Several sanitation workers and other staff staged a small demonstration in Beinecke Plaza on Wednesday afternoon to protest the University’s subcontracting of garbage collection to a private firm.

While no employees have been laid off as a result of the change, Craig Green, an executive board member for Local 35, said sanitation drivers have lost 70 percent of their work to St. John’s Rubbish Company. Union members and Yale’s ground maintenance manager disagreed over whether the decision to subcontract, which stemmed from cost overruns, was an appropriate response to overtime pay and equipment maintenance issues that have strained the department.

Green said the subcontracting was only the latest in a series of University decisions that allowed the sanitation department to deteriorate. Over the past few years, Green said, the number of sanitation workers has declined from eight to four as the management has decided not to replace workers who have left.

But Grounds Maintenance Manager Walter Debboli said the subcontracting decision was simply the result of collective decision making completed after examining the cost figures.

“There were the costs of overtime pay, the costs of maintaining equipment, the costs of breakdowns and the costs of added help,” Debboli said.

Green — who led Wednesday’s protest with a megaphone — said administration concerns about overtime pay were unfounded and that the University should have hired more employees to compensate for the extra work hours needed.

Other maintenance costs were the product of equipment mismanagement, not inefficiency on the part of the workers, Green said.

“Managers are responsible for letting equipment erode, but they blame our workers,” he said. “There should be a place to house the vehicles so the hydraulics don’t freeze.”

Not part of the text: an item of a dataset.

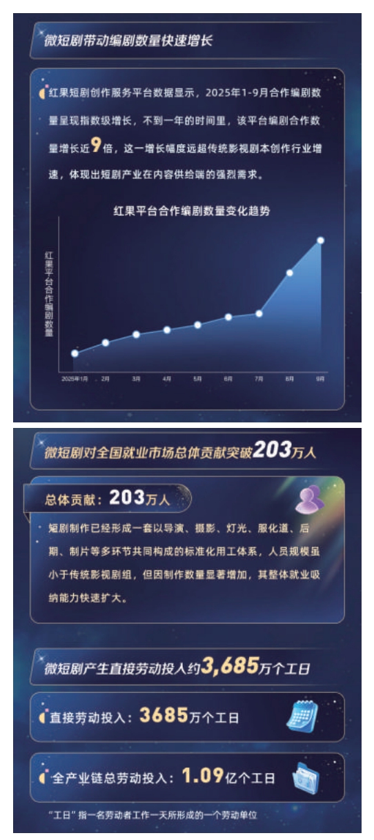 “微短劇通過(guò)龐大的規(guī)模效應(yīng)擴(kuò)大了整體就業(yè)容量,精準(zhǔn)激活了傳統(tǒng)影視行業(yè)中因項(xiàng)目斷檔而時(shí)?!e置’的人力資源,讓編劇、攝影師、場(chǎng)務(wù)、服化道等從業(yè)者實(shí)現(xiàn)了持續(xù)‘有活干、有錢(qián)賺’的良性循環(huán)?!睒I(yè)內(nèi)人士表示,“微短劇行業(yè)已成為吸納青年群體、靈活就業(yè)人員及傳統(tǒng)影視溢出人才的重要蓄水池,不僅為專(zhuān)業(yè)人才提供了舞臺(tái),也為大量勞動(dòng)者提供了實(shí)實(shí)在在的收入來(lái)源和職業(yè)發(fā)展路徑?!?/p>
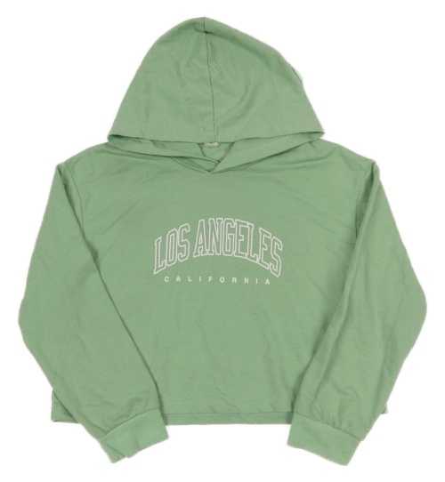 Olivová crop mikina s nápismi a kapucňou

Debboli said trash collection was an expensive operation to conduct in-house, and that the sanitation department was not able to bring costs down despite efforts to make operation adjustments and schedule changes.

“When you get to a point where you are adding more people, you have to ask if it is more cost-effective to add more people, or whether you look at another way to run operations,” Debboli said.

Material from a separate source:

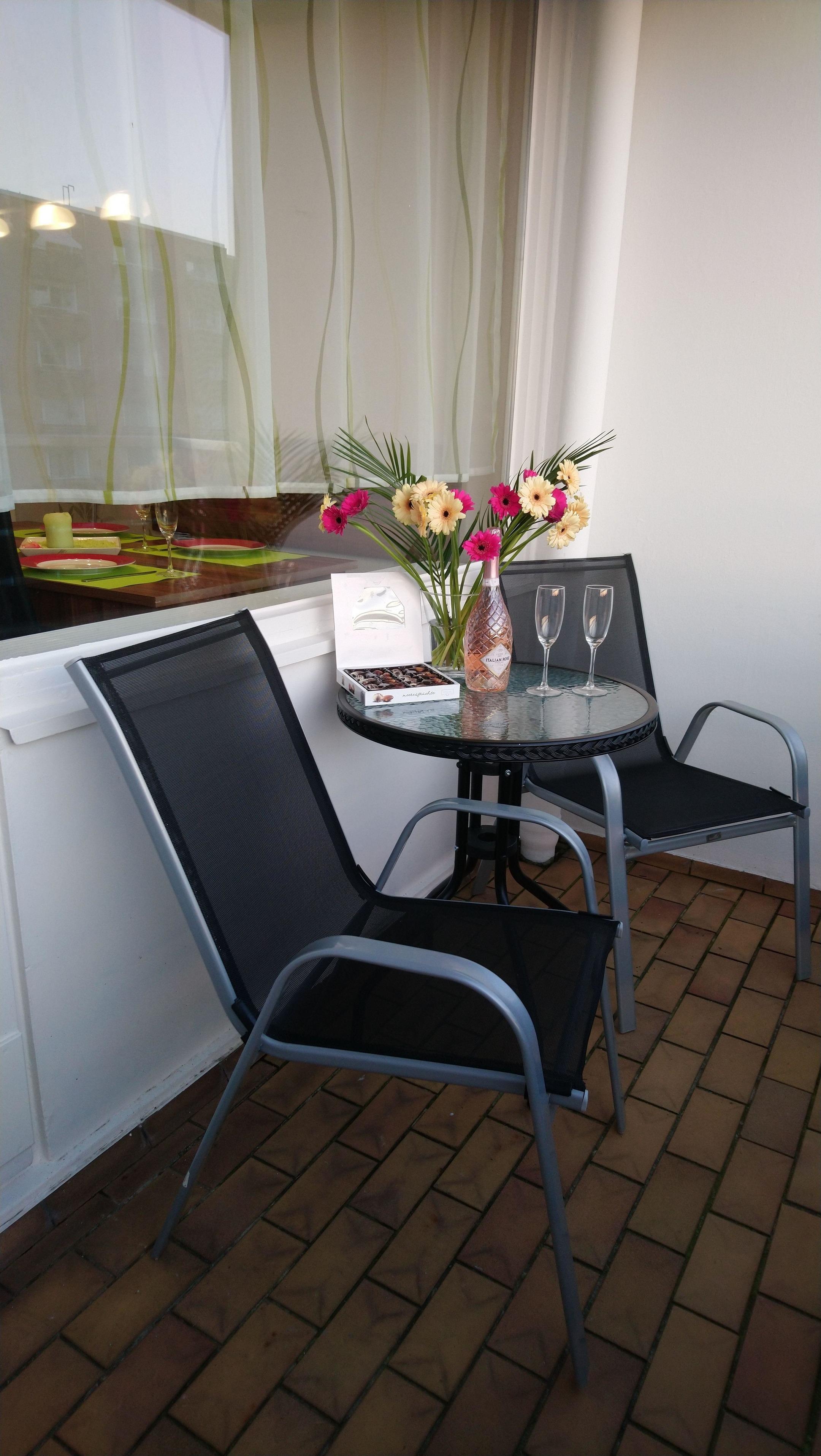 Auf dem Balkon können Sie entspannen, Kaffee trinken oder einfach ein gutes Buch lesen.

In response to Green’s concerns about a lack of storage space for vehicles, Debboli said it is common practice in Connecticut for sanitation workers to leave equipment outside.

Local 35 President Bob Proto said union members had been collecting trash effectively for the University for many years, and that he is concerned with the direction the University is taking.

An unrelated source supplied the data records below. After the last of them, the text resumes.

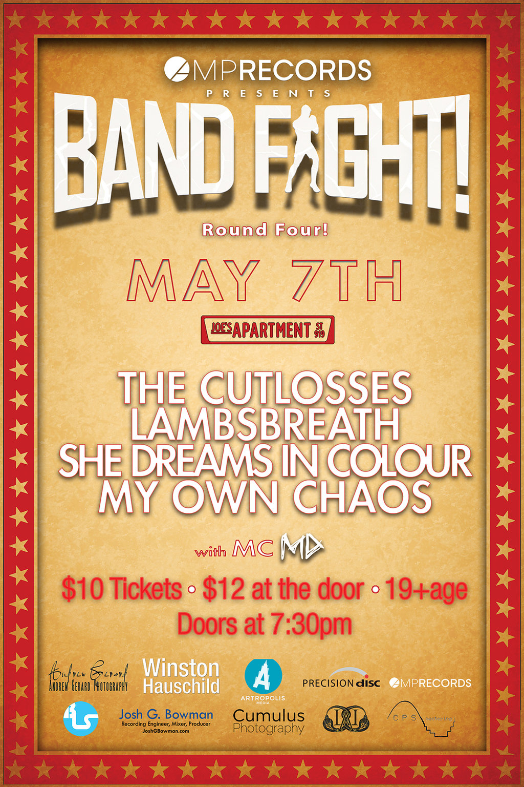 Band Fight will feature 16 local bands duking it out for a grand prize of a songwriting session with a professional songwriter, one professionally recorded song with Winston Hauschild, Mastering by CPS mastering a photo shoot with Andrew Gerard Photography, artwork design from Artropolis Media, 1,000 CDs from Precision Disc, and Radio Promotion and a Publicity Campaign from AMP Records. Totaling over $20,000 worth of prizes for the winner… Not to mention bragging rights of being crowned as Band Fights “KING OF THE RING”.
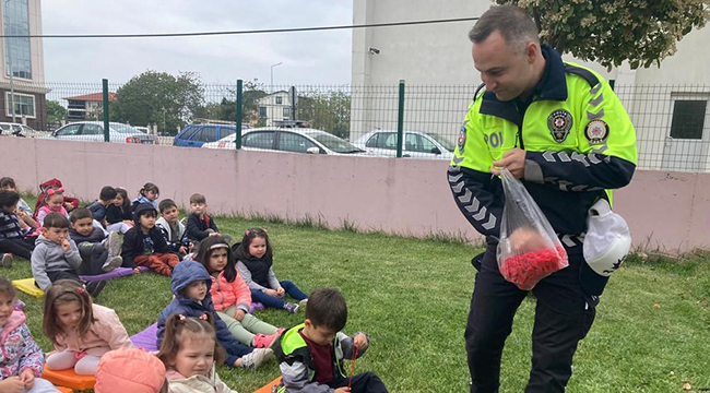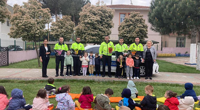 BİGA'DA MİNİKLER TRAFİK KURALLARI KONUSUNDA BİLGİLENDİRİLDİ
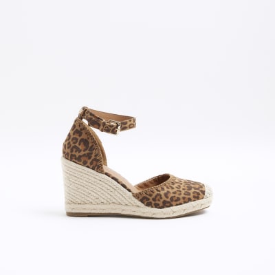 River island espadrille clearance wedges, Brown animal print espadrille wedge sandals River Island clearance
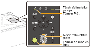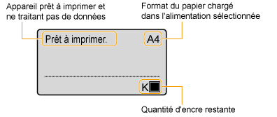 (Prêt) (vert), le témoin (En ligne) (vert) et le témoin d'alimentation papier (vert) s'allument, et le message <Prêt à imprimer.> apparaît à l'écran ; l'imprimante est prête pour l'impression. |
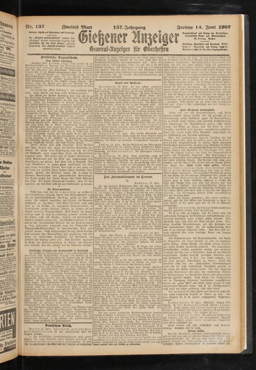 Die „Gießener FamittenblStter- werden dem .Anzeiger' viermal wöchentlich beigelegt, das „EreUblatt für den Kreis Liehen" zweimal wöchentlich. Der „hessische Landwirt" erscheint monatlich einmal.
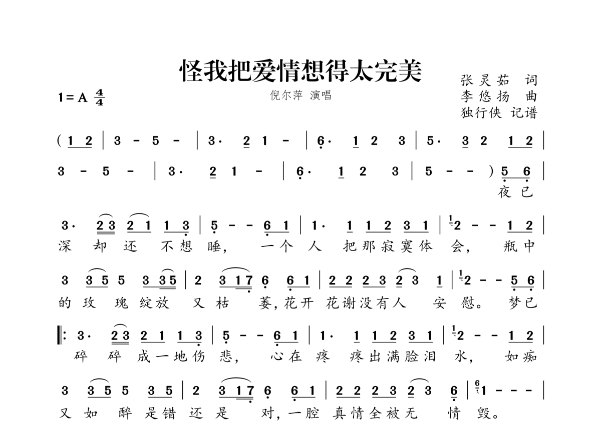 《怪我把爱情想得太完美》是倪尔萍演唱的一首歌曲,拍号为4/4拍,这份简谱共有一张高清图谱,图谱由 @独行侠 编配上传。

“The university has the contractual right to do this, but morally it’s wrong,” Proto said.

He said the union was concerned about the private companies with which the University was aligning itself.

“There have been many reports of [discrepancies], that these companies have fallen below the standards of an employer like Yale,” Proto said.

Represetative from Yale’s Union Relations deparment were unable to be reached for comment.

Green said the union will continue to stage protests over the coming weeks to raise awareness on campus. While only six members were present at Wednesday’s protest, he said, the group made a conscious decision to focus on involving sanitation workers directly affected by the changes in the initial protests.

“We’ll get more [union members] involved in the coming weeks,” Green said. “We’re collecting signatures from students, workers and faculty for a petition to [President Richard] Levin to restore garbage collection [to Local 35.]”

Green said they hoped to have the petition ready for Martin Luther King Jr. Day.

“We are going to march from Golf Street, where the workers punch in, to Levin’s house and hand him the petition,” he said.

Dan Bromel, one of the sanitation workers who attended the protest, said he worried that nothing prevented sanitation workers from seeing their jobs further reduced.

“We used to take care of all the trash,” he said. “They subcontract it out, and now they got us doing recycling, but there’s no guarantee they can’t subcontract out recycling.”

The group plans to set up a booth outside Woodbridge Hall in order to raise the visibility of the issue, Green said.